Governado por uma parelha do paigeceana (Gomes Júnior como Primeiro-ministro e Bacai Sanha na Presidência da República), eis que a dupla inicia uma ofensiva diplomática e de reformas da sua administração pública, bem como do sector de defesa e segurança. A aproximação à China, Angola e Brasil e uma reaproximação a Portugal, ajudou a melhorar o crónico problema de pagamento de salários aos funcionários públicos.

Entretanto, o principal problema ainda estava por resolver: A supremacia dos militares sobre o poder político! Numa clara inversão da lógica constitucional, os militares continuavam a ameaçar com golpes de Estado ao poder civil.
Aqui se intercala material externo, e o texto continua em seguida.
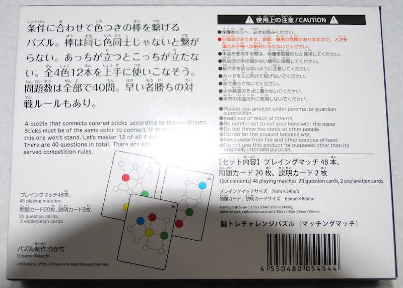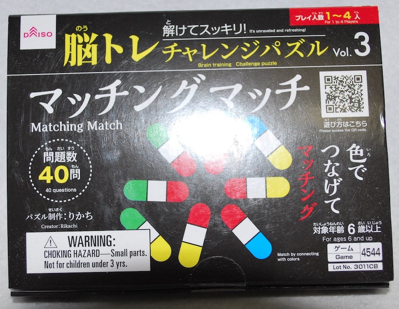 ダイソーからリリースされた、脳トレチャレンジパズルシリーズから、マッチングマッチです。
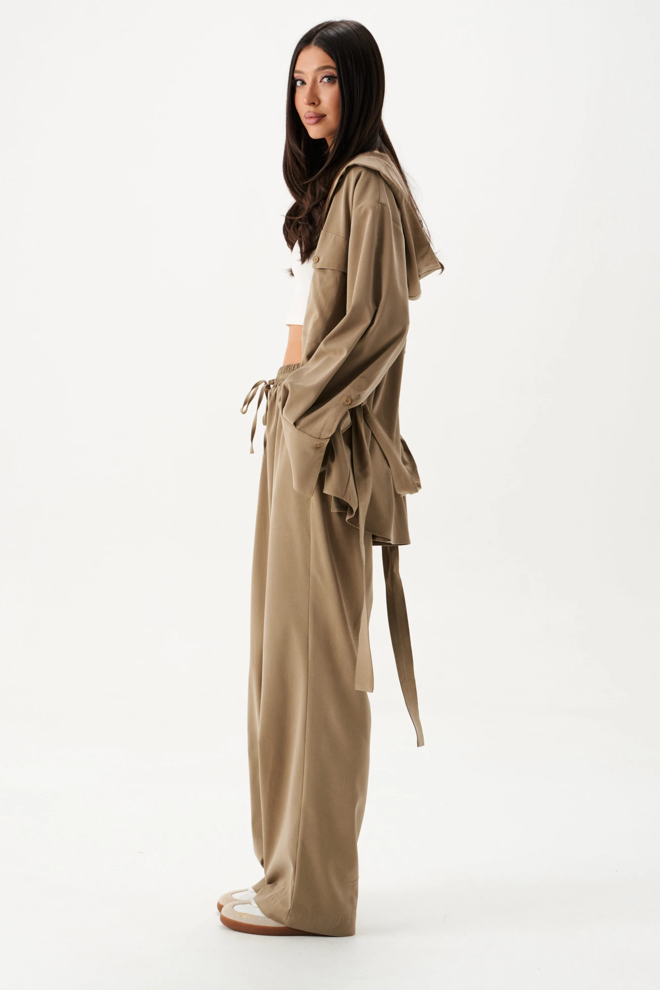 Брюки прямого свободного кроя. Выполнены из мягкой текстильной ткани в цвете хаки. Пояс на резинке с кулиской. В боковых швах прорезные карманы, по задней части изделия накладные карманы. Длина 108 см (с учётом пояса)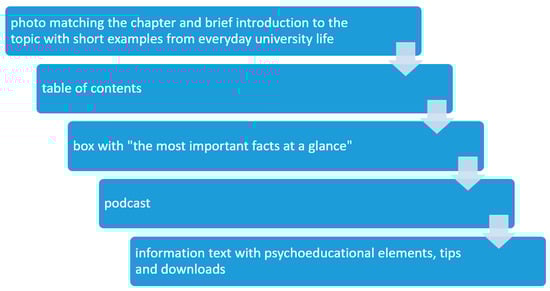 In the next step, the contents and the website were developed. The chapters were then gradually published on the website, evaluated, and revised. At the end of the development process, the online portal consisted of eight chapters. Each chapter is dedicated to one topic (see Table 1 for further information). Considering academic themes being the most often reported stressors for college students, three of our chapters aimed directly at reducing stress in this area in order to promote the students’ mental well-being: (a) the chapter “mastering exam stress” provides psychoeducative information and skills to improve exam preparation and learning strategies; (b) the chapter “well organized” contains information on implementing time schedules throughout the semester and how to balance studies with other important parts of life; (c) the chapter “defeating procrastination” provides strategies on how to stay motivated during studies.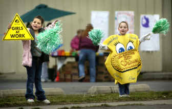 While three of the girls sat at the booth with a pad of paper and a metal box full of change, the other two sported Girl Scout cookie costumes and waved to passing cars.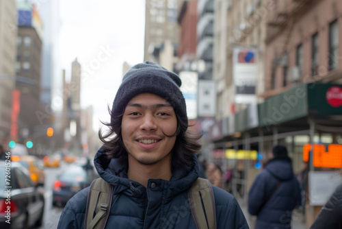 © MagnusCort, Fototapeta premium A man wearing a beanie and a hooded jacket smiles for the camera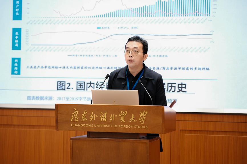 华南师范大学教育信息技术学院副院长刘兢教授发表题为《谁在“掌舵”出海中资短视频平台?基于TikTok与Kwai组织管理团队的社会网络分析》演讲。刘兢教授表示团队近期专注于研究海外中资短信及平台的动态,通过分析运营活动、用户特征及组织架构演变,评估中资企业在欧洲、美洲和东南亚的市场地位。他还深入探讨了高层管理与人员构成,强调教育与人才培养对适应新媒体环境的重要性。其研究亦突出数据与差异化策略的关键作用,旨在提出新媒体时代中资平台的发展策略与建议,以促进其在全球传播与新媒体环境下的有效适应与成长。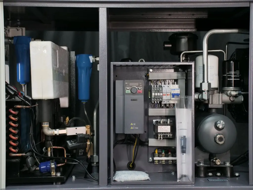 Вагомими перевагами представленої комбісистеми є двигун на постійних магнітах, який забезпечує високу питому потужність і вищий ККД, та інверторне керування, що дозволяє регулювати оберти двигуна та забезпечує його плавний пуск. Гвинтовий блок Baosy та електронні компоненти марок CHINT і Schneider Electric роблять цей гвинтовий компресор з осушувачем та ресивером надійним і безвідмовним, а сенсорна панель MAM-6070MSD забезпечує легке управління і максимальний контроль над його роботою. Завдяки компактному розміру і тихій роботі, таку комбісистему можна зручно встановити у робочому приміщенні без дискомфорту для персоналу. Всі компоненти ідеально підібрані по потужності і продуктивності та готові до роботи без потреби додаткового монтажу з’єднань і трубопроводів.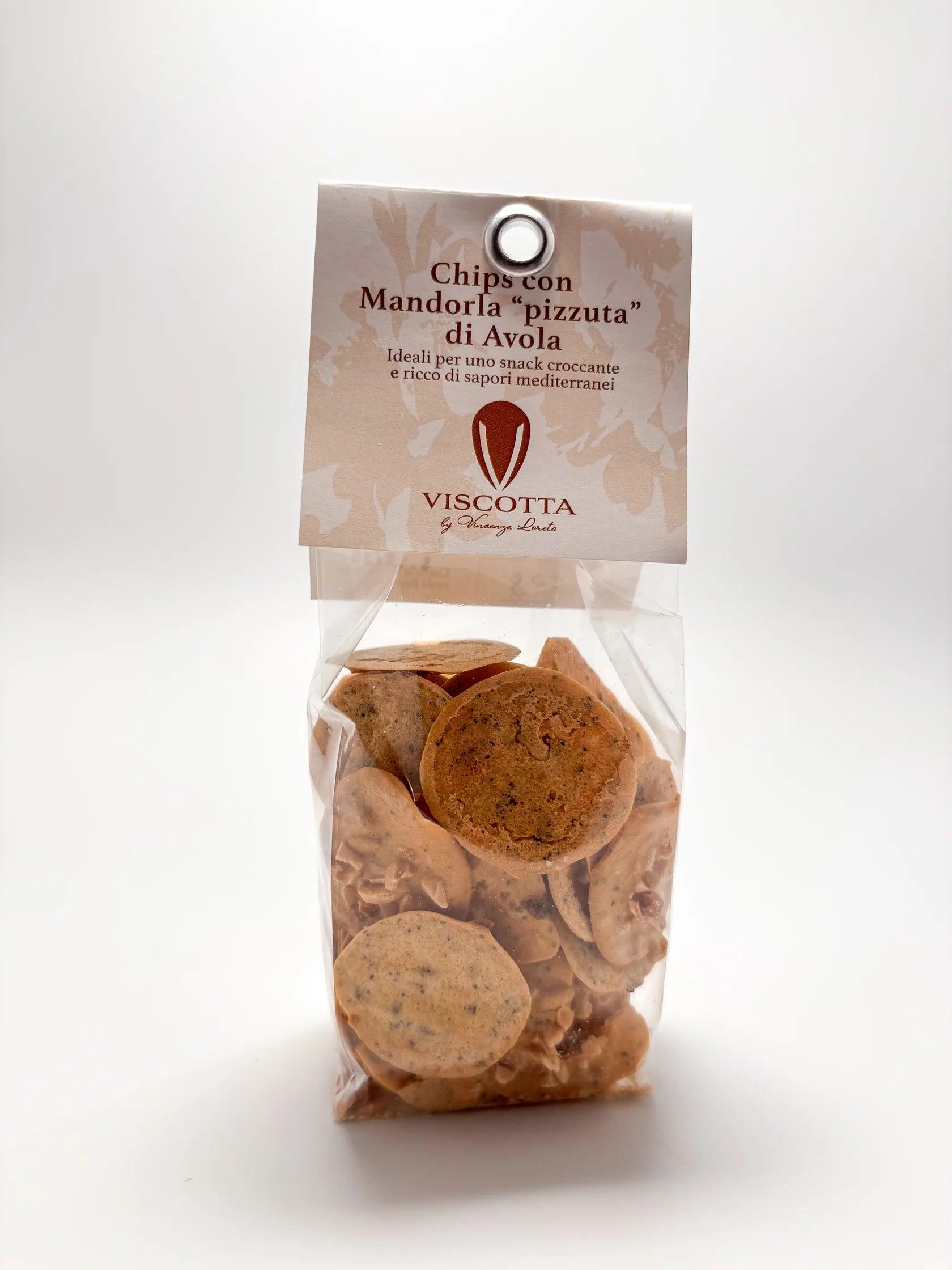 linea snack parte della box Oscar. Chips croccanti senza glutine con farina di ceci e con mandorla Pizzuta d’Avola; aromatizzati con rosmarino, salvia e timo e arricchiti da un mix di semi di papavero, girasole, lino e sesamo.
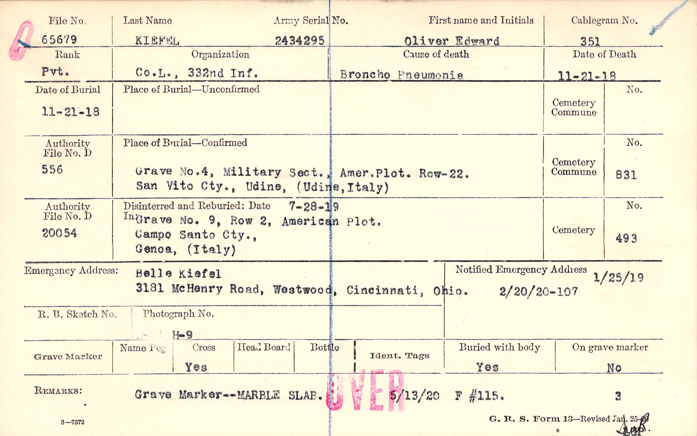 Grave 4, Military Sect., Amer. Plot., Row-22, San Vito Cty., Udine, Udine, Italy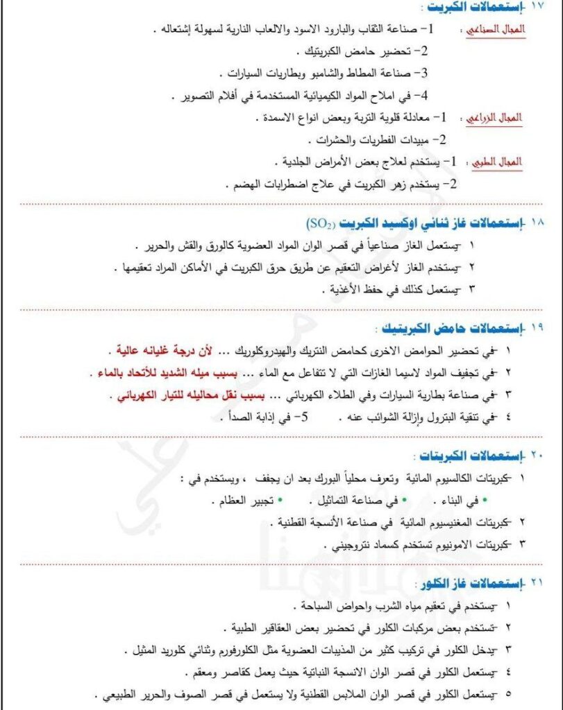 الاستعمالات مادة الكيمياء ثالث متوسط 2026

Se por um lado, era publicamente reconhecido, até pelas lideranças militares, a necessidade urgente de uma reforma do sector de defesa e segurança, a grande questão estava nos moldes nos quais deveria se proceder a referida reforma. É deste modo que surge o acordo entre os Governos de Guiné-Bissau e de Angola para a reforma do sector militar, que permitiu a entrada de militares angolanos para a Guiné-Bissau.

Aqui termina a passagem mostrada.